Secunda sententia fuit illorum qui arbitarti sunt conchylia et alia huius generis testacea in montes a mari fuisse iactata quoniam hos montes a mari factos esse asseverarunt; dum olim arena in cumulos una cum conchyliis coacervata fuit quandoquidem ubi nunc montes conspiciuntur, antiquitus mare fluctuasse pronunciarunt, quo postea paulatim recedente, huiusmodi arenarum cumuli cum testaceis nimirum montes cum insulis detecti fuerunt. La seconda tesi è quella di coloro che ritengono chele conchiglie furono gettati nei monti dal mare, poiché i monti stessi furono formati dal mare; le conchiglie furono depositate mentre si accumulava la sabbia, così che ora dove si vedono i monti, lì una volta fluttuava il mare, il quale poi ritirandosi lentamente, i monti formatisi con la sabbia frammista a sabbia emersero.

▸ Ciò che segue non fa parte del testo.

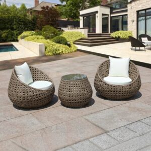 Bộ sofa trứng chim cút mây nhựa kèm nệm dùng ban công sân vườn khu nghỉ dưỡng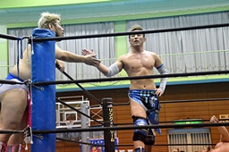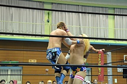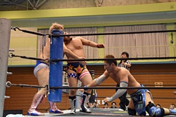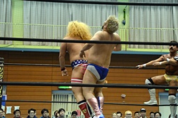 福田ロープに飛ぶ、エプロンからディーノがキャッチ。大石コーナーに戻ってディーノにタッチ(右写真)。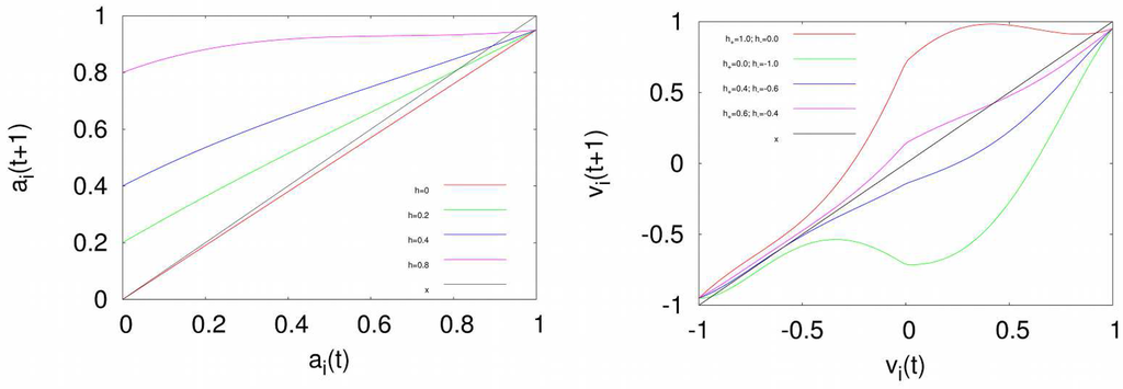 - Building influence. Agent’s activity—posting a new post or comment on an existing post—can influence emotional states of other agents who are linked to that post. The influence field for a particular agent i builds from all posts and/or comments posted within previous and current time step, to which the agent has a link . The arousal field is composed from the arousals of related comments, i.e.,Here, the network area of currently active posts is identified as post on which an activity occurred in two preceding time steps. and are the total arousal and the average valence of a post p, calculated from the comments in two preceding time steps, while is the number of all comments posted on it during that time period. represents the matrix elements of the network, i.e., if user i is connected with the active post p, while if there is no link between them at the time t when the fields are computed. Note that such links may appear as the system evolves. In Equation (2) the individual arousal fields is modified by (dis)similarity in agent’s actual valence, , and the valence of recent comments on the post, . The common field affects each active agent equally; it is given as a sum of arousals of all active posts. The valence field in Equation (6) acting on the agent i, as well as the corresponding common field , are also determined from the contributions of all active posts at time t. In this case, however, we take into account contributions from the positive and the negative comments separately; the neutral comments do not contribute to the valence field. Depending on the current emotional state of the agent, positive and negative fields can lead to different effects [], in particular, positive (negative) state will be influenced more with negative (positive) field, and vice versa. Here we assume that both components influence user valence, but with different strength according to the following expression:where the valence polarity of the user i is given by , and is the number of positive/negative comments written on post p in the period . The normalization factor is defined as . Note that, in the absence of psychology-based arguments, the pre-factor 0.4 is chosen by formal reasons, i.e., to avoid a fast switching of the valence polarity (in the limiting cases: 0 or 1) as well as an artificial reduction of the phase space (if the value 0.5 is used). The mean-field contributions to the valence stem from the entire set of currently active posts , and are independent on how users are linked to them:However, the mean-field effects are perceived individually by each agent, depending on the polarity of agent’s current valence.

Idcirco, mare recedente et solo lapidescente, conchylia ibi relicta in lapides concrevisse tradiderunt siquidem, ubi nunc est arida, ibi olim fuisse mare Aristoteles testificatur. Unde Ovidius accedens ad hanc opinionem cecinit hunc in modum: vidi factos ex aequore terras / et procul a mari conchae iacuere marinae Perciò si è raccontato che con la regressione del mare e l’indurimento del suolo, le conchiglie ivi frammiste si impietrirono, e come Aristotele afferma, ove ora è arido una volta c’era il mare. Per cui Ovidio, esprimendo una opinione simile scrisse: « Io ho visto farsi mare ciò che un tempo era terraferma, ho visto che lontano dai flutti vengono alla luce conchiglie marine».

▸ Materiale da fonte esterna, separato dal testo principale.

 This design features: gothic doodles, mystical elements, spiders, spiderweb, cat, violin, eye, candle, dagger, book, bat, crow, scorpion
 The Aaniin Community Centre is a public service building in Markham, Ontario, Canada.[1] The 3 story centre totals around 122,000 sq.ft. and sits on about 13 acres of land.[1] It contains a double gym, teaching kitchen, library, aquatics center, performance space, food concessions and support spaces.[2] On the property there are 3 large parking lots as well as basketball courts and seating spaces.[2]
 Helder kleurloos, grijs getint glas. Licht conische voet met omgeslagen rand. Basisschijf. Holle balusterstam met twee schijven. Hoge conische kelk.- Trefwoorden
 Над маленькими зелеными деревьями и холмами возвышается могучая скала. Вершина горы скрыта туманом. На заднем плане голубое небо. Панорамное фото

Tertia sententia, quam magis probamus, fuit illorum qui voluerunt testacea, conchylia et alia huius generis ibi absque ulla difficultate progigni posse ubi humor vel liquor ad horum generationem idoneus invenitur. Immo quando non erit aptus generationem idoneus, testam tantummmodo generari affirmarunt. Quid enim vetat quominus interdum liquor salsus in saxis reperiatur ut ex illo animalia marina viva resultent, si locus et humor id expostulent? Sin secus testae tantummodo et conchae in lucem prodeant? Quocirca nulla debemus teneri admiratione quando huiusmodi testacea in montibus inveniuntur, quae postmodum ex natura loci in lapides transmutantur. La terza tesi, che più approvo, è quella di coloro i quali vollero che i testacei, le conchiglie possano nascere senza alcuna difficoltà dove si trova un umore o un liquido idoneo alla loro generazione. Perciò quando non atto alla generazione affermano che si formi solo la conchiglia. Che cosa impedisce infatti che talvolta del liquido salato si ritrovi nei sassi di modo che da quello si generino animali marini o altrimenti i soli gusci? Per ciò non dobbiamo stupirci se testacei di questo genere si trovano sui monti, che poi sono trasformati in sassi dalla natura del luogo.